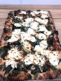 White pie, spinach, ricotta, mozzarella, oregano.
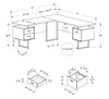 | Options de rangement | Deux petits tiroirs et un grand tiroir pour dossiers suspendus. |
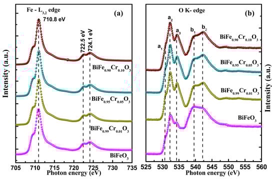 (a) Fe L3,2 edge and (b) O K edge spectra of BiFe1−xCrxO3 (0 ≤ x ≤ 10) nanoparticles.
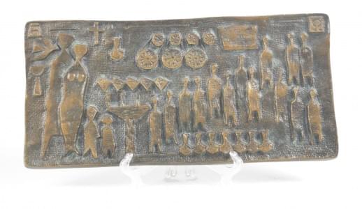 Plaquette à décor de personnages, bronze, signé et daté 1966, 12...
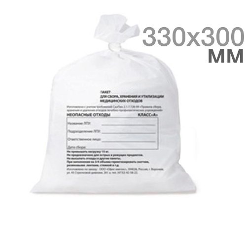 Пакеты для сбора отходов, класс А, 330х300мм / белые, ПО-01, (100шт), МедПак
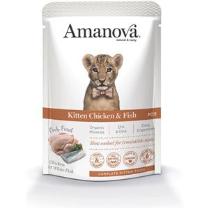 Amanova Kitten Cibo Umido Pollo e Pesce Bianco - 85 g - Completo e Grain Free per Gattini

...

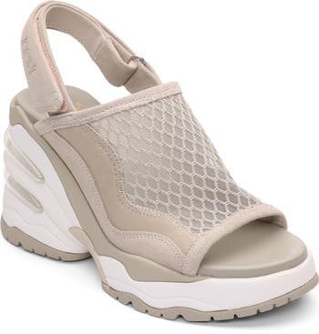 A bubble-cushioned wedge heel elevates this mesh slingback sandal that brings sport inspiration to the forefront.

PROBLEM TO WORK ON: Would you copy, word for word, only the lines above from the one containing "dossiers suspendus. |" through the one containing "Amanova Kitten Cibo", both included, and please leave out the pictures?

SOLUTION FOR THIS EXERCISE:
 | Options de rangement | Deux petits tiroirs et un grand tiroir pour dossiers suspendus. |
 (a) Fe L3,2 edge and (b) O K edge spectra of BiFe1−xCrxO3 (0 ≤ x ≤ 10) nanoparticles.
 Plaquette à décor de personnages, bronze, signé et daté 1966, 12...
 Пакеты для сбора отходов, класс А, 330х300мм / белые, ПО-01, (100шт), МедПак
 Amanova Kitten Cibo Umido Pollo e Pesce Bianco - 85 g - Completo e Grain Free per Gattini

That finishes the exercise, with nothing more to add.